WER: 1.000000, CER: 1.000000, loss: 221.555115

wav: file:///content/vivos/test/waves/VIVOSDEV02/VIVOSDEV02_R132.wav
src: “ĐIỆN THOẠI RENG NHƯNG TA CŨNG PHẢI NHẤC MÁY ĐÚNG KHÔNG”
res: “”

WER: 1.000000, CER: 1.000000, loss: 204.180481

wav: file:///content/vivos/test/waves/VIVOSDEV02/VIVOSDEV02_T022.wav
src: “THÁNG TRƯỚC CHỒNG VỀ MẤY NGÀY MÌNH NẰM NGỦ THẤY ẤM KINH KHỦNG”
res: “”

WER: 1.000000, CER: 1.000000, loss: 198.045197

wav: file:///content/vivos/test/waves/VIVOSDEV02/VIVOSDEV02_R071.wav
src: “MỖI KHI XE RÁC ĐI NGANG QUA ĐÁNH KẺNG MỚI ĐEM RA ĐỔ”
res: “”

WER: 1.000000, CER: 1.000000, loss: 195.038269

wav: file:///content/vivos/test/waves/VIVOSDEV02/VIVOSDEV02_R045.wav
src: “CÔ CỨ NHÈ NGAY CÁI NỌNG CÁ TRÊ”
res: “”

4th I search for alpha and beta with this model:
! python3 /content/DeepSpeech/lm_optimizer.py
–test_files /content/vivos/test.csv
–al alphabet_config_path /content/vivos/al alphabet.txt
–checkpoint_dir / content / fine_tuning_checkpoints
–n_hidden 2048
Results: [I 2021-04-22 09: 34: 16,592] Trial 0 finished with value: 0.9127290260366442 and parameters: {‘lm_alpha’: 2.6143084230162623, ‘lm_beta’: 1.998640895456838}. Best is trial 0 with value: 0.9127290260366442.
At worst, it still has the words:
Worst WER:

WER: 1.000000, CER: 0.666667, loss: 48.078129

wav: file:///content/vivos/test/waves/VIVOSDEV04/VIVOSDEV04_R049.wav
src: “VÌ TỐI ĐÓ”
res: “VIÌ TÍ MỐC”

WER: 1.000000, CER: 0.625000, loss: 46.857883

wav: file:///content/vivos/test/waves/VIVOSDEV05/VIVOSDEV05_091.wav
src: “TRÁN GIÔ”
res: “TẢN DIỘC”

WER: 1.000000, CER: 0.333333, loss: 35.851494

wav: file:///content/vivos/test/waves/VIVOSDEV06/VIVOSDEV06_222.wav
src: “NĂM MƯƠI NĂM MƯƠI MỐT”
res: “ĐĂM MƯỜI ĐĂM MÙY MÓT”

WER: 1.000000, CER: 0.500000, loss: 29.178698

wav: file:///content/vivos/test/waves/VIVOSDEV04/VIVOSDEV04_R100.wav
src: “BÀ NÓI”
res: “BẢ ÓC”

WER: 1.000000, CER: 0.263158, loss: 25.467527

wav: file:///content/vivos/test/waves/VIVOSDEV06/VIVOSDEV06_212.wav
src: “BA MƯƠI BA MƯƠI MỐT”
res: “BAN MƯỜI BAN MƯAI MÓT”

then I create a new scorer with there alpha,beta
./generate_scorer_package - alphabet alphabet.txt
–lm lm.binary
–vocab vocab-500.txt
–package kenlm.scorer
–default_alpha 2.6143084230162623
–default_beta 1.998640895456838
–force_bytes_output_mode True

I use this tflite and scorer files in android-mic-strem-app however I don’t get any word at output.
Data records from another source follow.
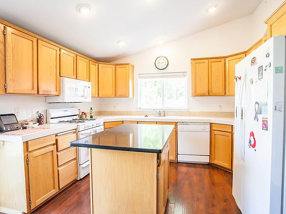 Step outside into your fully landscaped backyard, where the lush green grass and mature plantings create a tranquil and private oasis. Sliding doors from the kitchen lead to a lovely patio a fantastic spot for grilling and enjoying meals outdoors. Just around the corner, you'll find a relaxing hot tub, perfect for unwinding after a long day. And with an orchard along the back property line, you'll enjoy a picturesque backdrop and a peaceful, natural setting.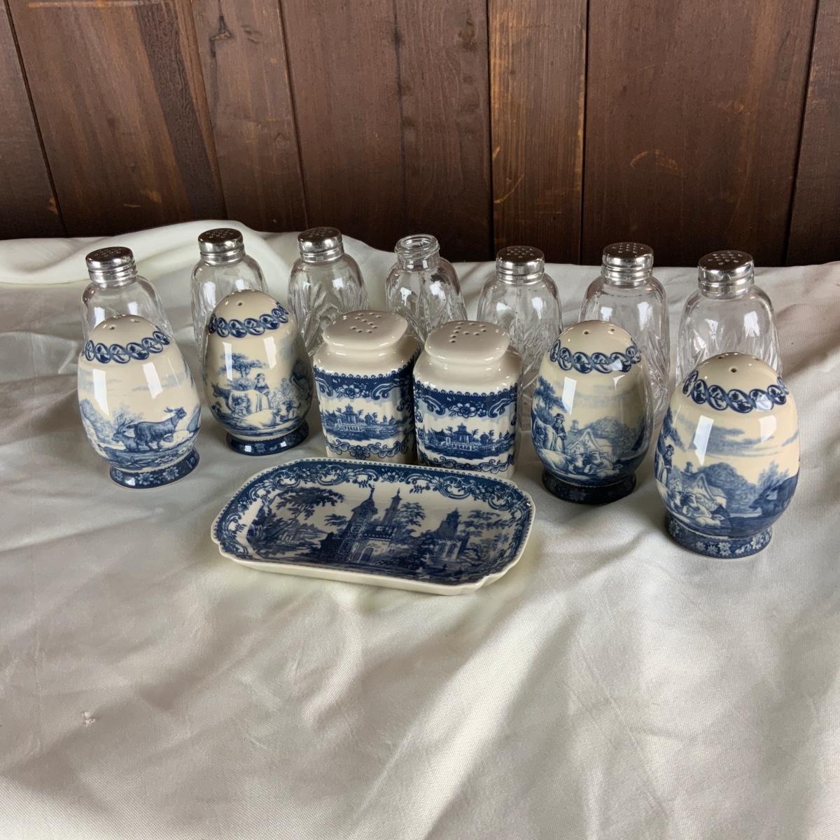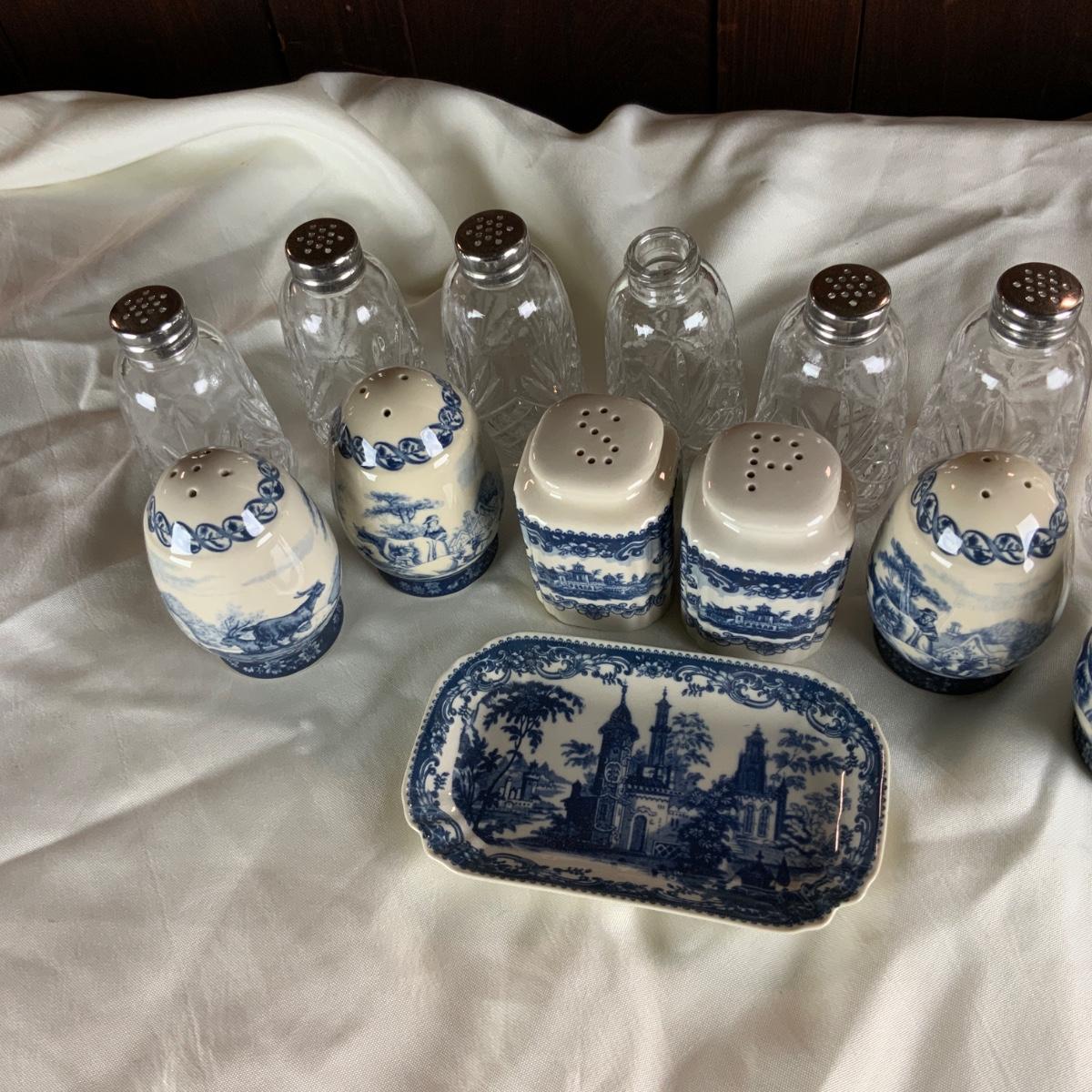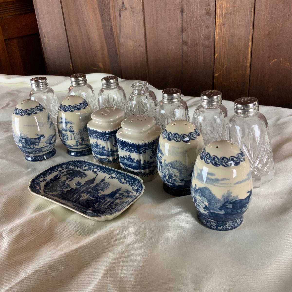 Modern Dishes and Salt and Pepper Shakers. Reproduction Currier and Ives and clear glass salt and pepper shakers. One is missing a lid. //::\\ Please see photos for details and condition. No attempt has been made to hide any imperfections. All items listed in this auction are warehouse items, and need to be cleaned. A majority of the items need restoration as well. All items are sold AS IS and WITHOUT GUARANTEE. If you are uncertain about an item, DO NOT BID. Due to the nature of this online auction in-person inspection is HIGHLY recommended. All Sales are FINAL. Pick Up Times are FIRM. Please confirm with your own schedule that you can pick up in the scheduled times listed in the Terms and Conditions. Any questions please message the auctioneer. DO NOT Contact The Harp Gallery.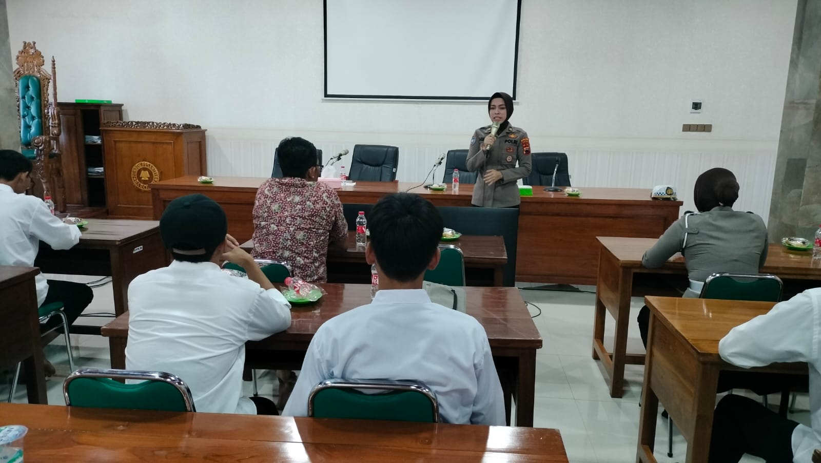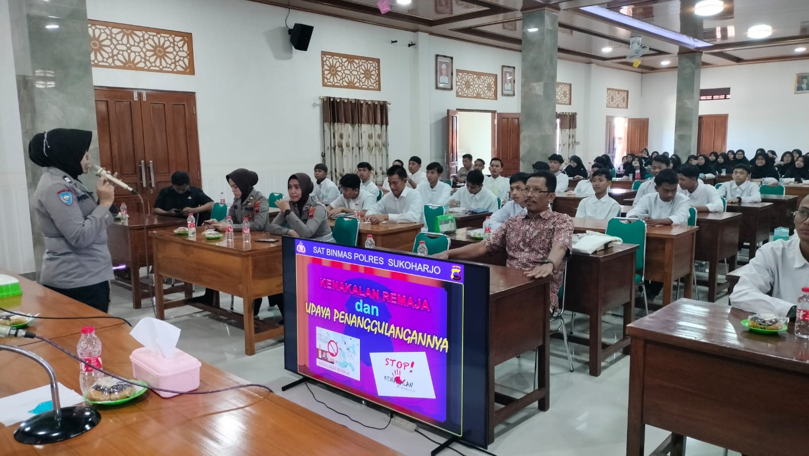 PENJURU.ID|Sukoharjo – Polisi Sukoharjo memberikan penyuluhan kenakalan remaja dan tertib berlalu lintas kepada santriwan dan santriwati pondok pesantren barokah LDII Nandan, Bendosari.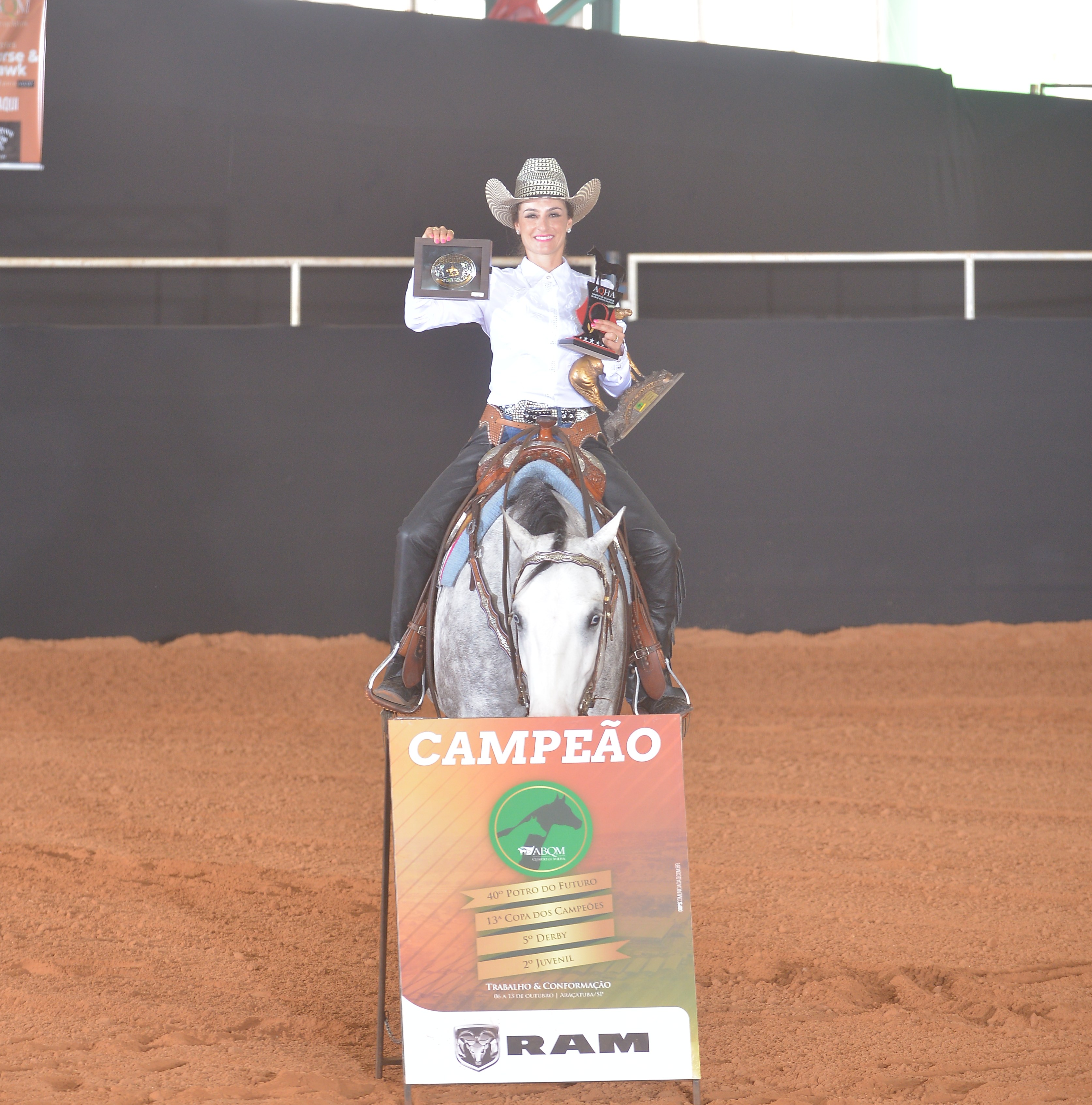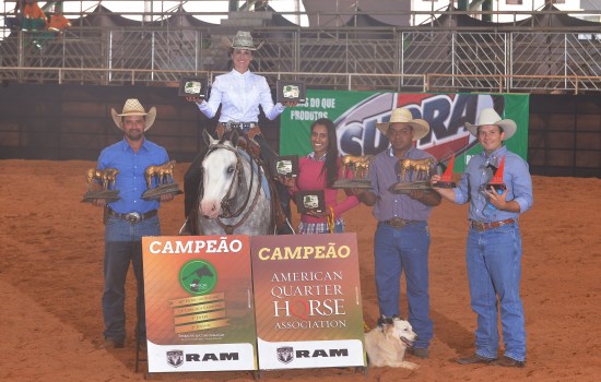Pela categoria Amador Master da ABQM, o competidor Fernando Macarron Pereira comandou à campeã Holly Badger Dun QR (Country Dun It x Iowa Hickory Jamb), de sua propriedade. Animal de criação de Abelardo Ferreira Mendes.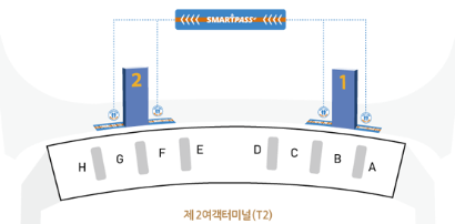 · T1(1터미널 / 아시아나항공, 제주항공, 티웨이항공) 스마트패스 서비스 사용가능 출국장 위치 안내 · T2 (2터미널 / 대한항공, 진에어, 델타항공) 스마트패스 서비스 사용가능 출국장 위치 안내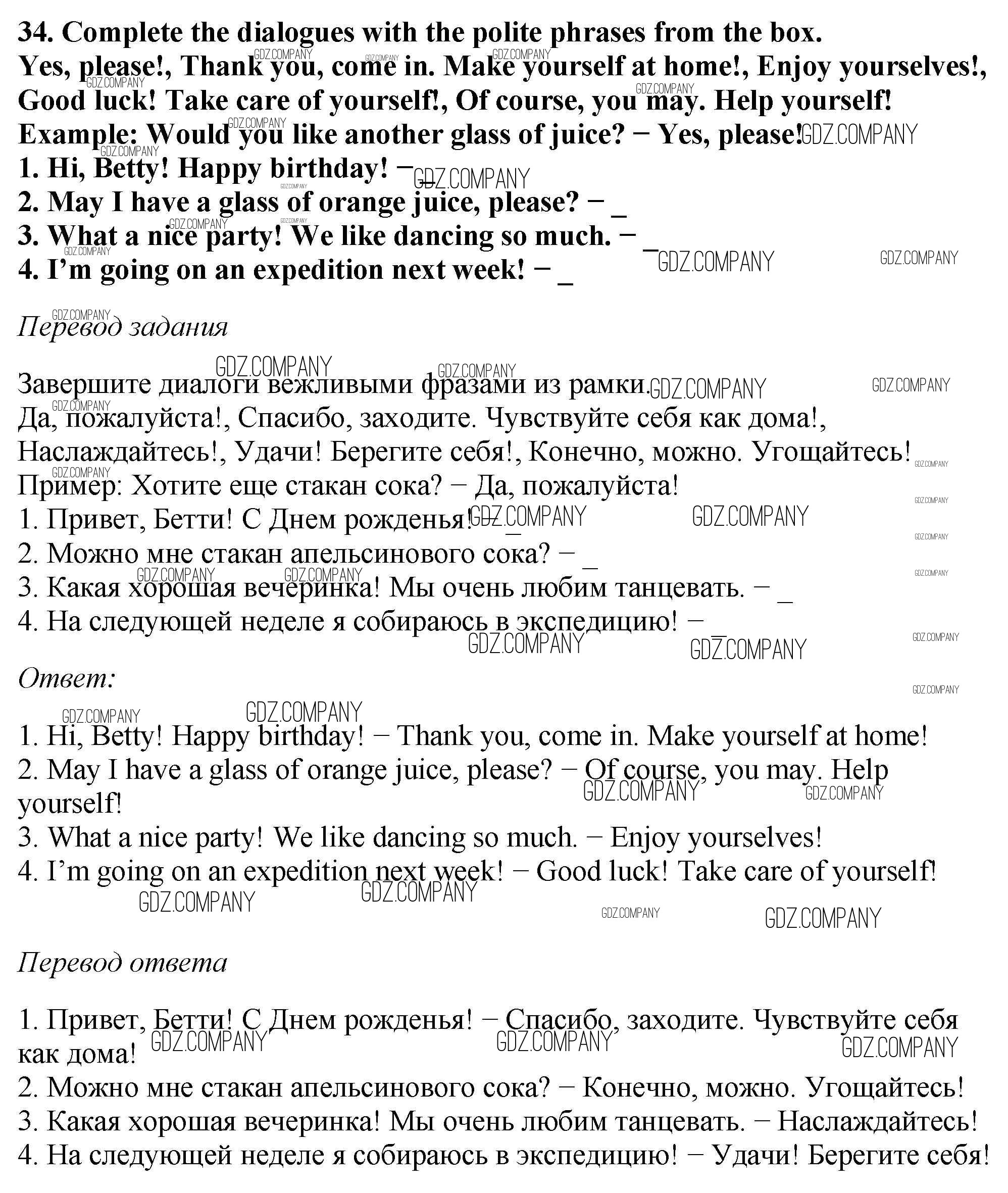 Здесь готовые ответы по Английскому языку за 6 (шестой) класс от Биболетова, Денисенко, Трубанева Рабочая тетрадь Enjoy English (издательство: Дрофа от 2019 г.) № 34

Please help me.

Hung_Phung · April 22, 2021, 6:01pm

Perhaps the problem is with my scorer model. I think I did the right thing to create the scorer file, this is my alphabet.txt. Has someone encountered a similar situation yet. Please help me!

ftyers · April 23, 2021, 12:28am

This looks about right for the amount of data. You might try using transfer learning, and for Vietnamese you might try reducing the vocabulary size by using NFKD.

Hung_Phung · April 23, 2021, 3:26am

Transfer learning is to reuse the checkpoints of the previous training process. I am doing the same. Especially when I find the right alpha-beta, the test results have word but when using this to build scorer, no word is found.

ftyers · April 24, 2021, 2:39pm

I’m sorry, I didn’t understand. Your alphabet also has a space after every character. Could you join us on Matrix ?

ftyers · April 24, 2021, 3:54pm

So I just tried training with Vietnamese and the Common Voice data. You can find the model here.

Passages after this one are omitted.